RECORDS SHOWN:
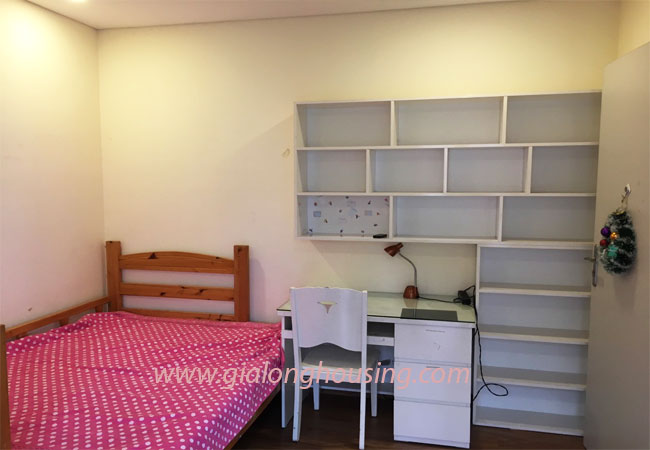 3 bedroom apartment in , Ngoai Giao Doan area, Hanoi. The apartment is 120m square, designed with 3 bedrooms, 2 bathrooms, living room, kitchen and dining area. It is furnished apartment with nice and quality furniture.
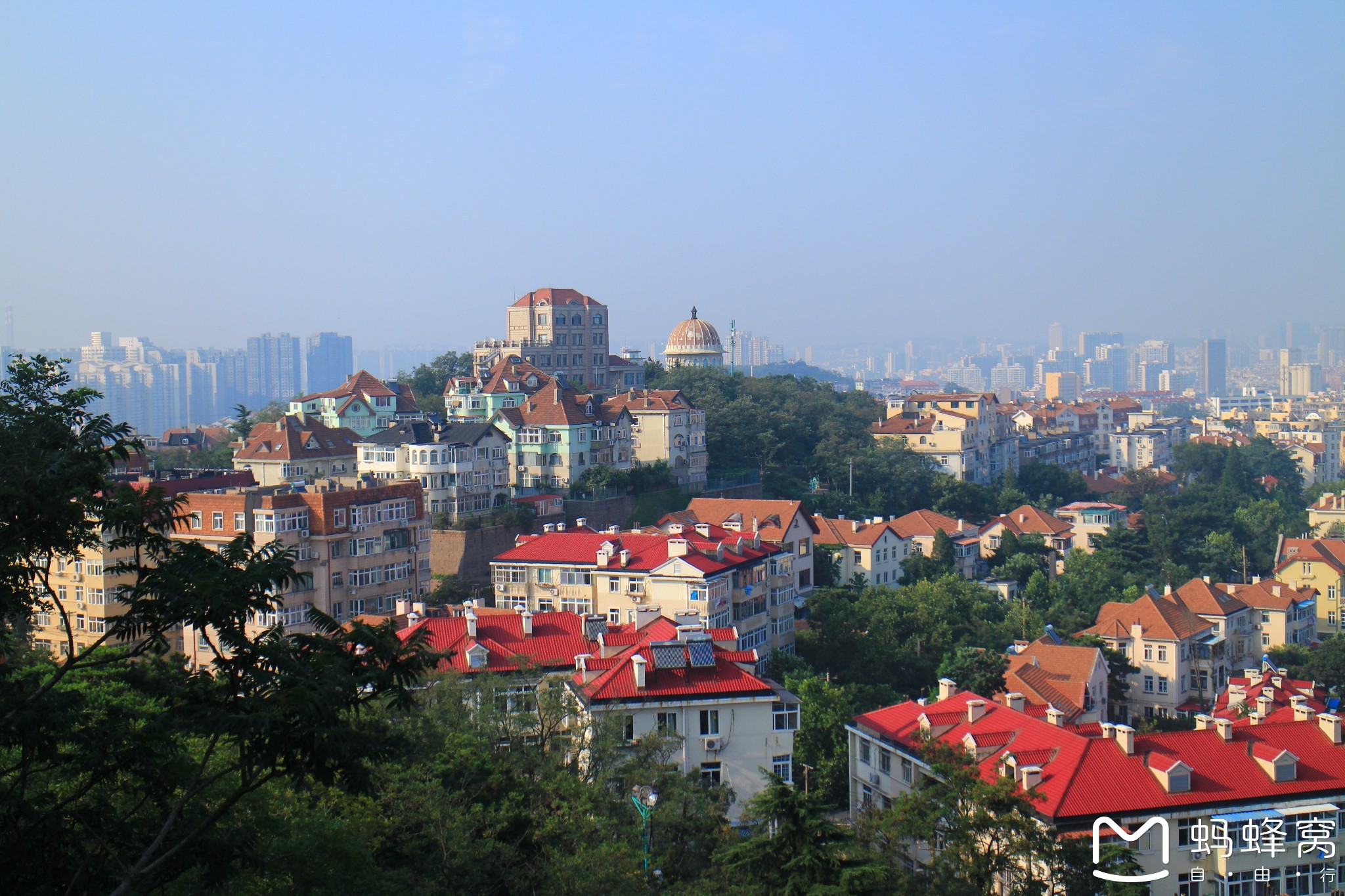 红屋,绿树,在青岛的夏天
* * *
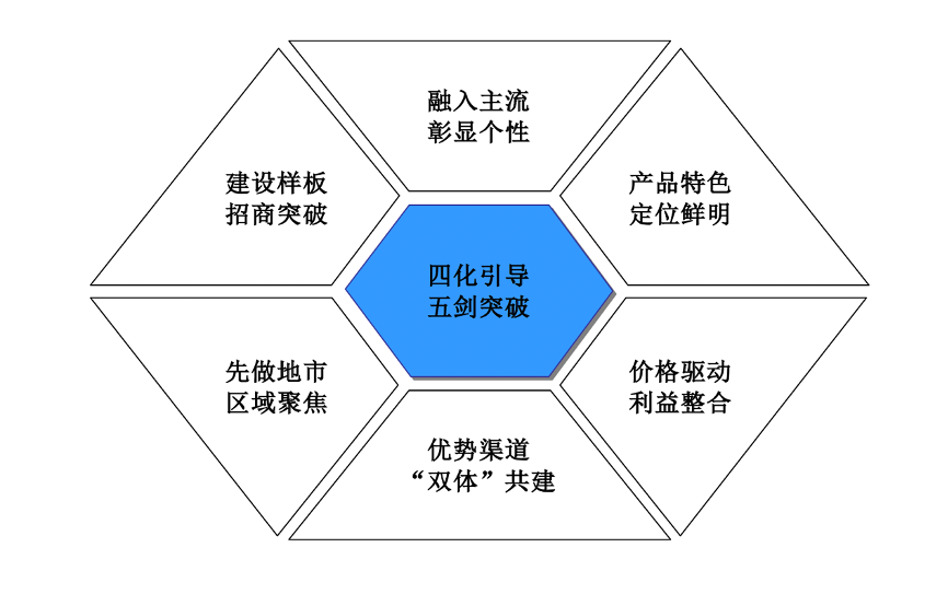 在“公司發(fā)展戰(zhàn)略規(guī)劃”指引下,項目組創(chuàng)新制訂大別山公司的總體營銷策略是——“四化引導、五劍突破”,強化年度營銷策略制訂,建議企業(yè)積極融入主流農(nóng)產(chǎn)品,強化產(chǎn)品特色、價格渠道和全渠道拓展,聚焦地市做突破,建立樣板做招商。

PROBLEM DETAILS:
Set down exactly the lines above, from the line containing "3 bedroom apartment" through the line containing "红屋,绿树,在青岛的夏天". Skip the pictures.

FINISHED TASK:
 3 bedroom apartment in , Ngoai Giao Doan area, Hanoi. The apartment is 120m square, designed with 3 bedrooms, 2 bathrooms, living room, kitchen and dining area. It is furnished apartment with nice and quality furniture.
 红屋,绿树,在青岛的夏天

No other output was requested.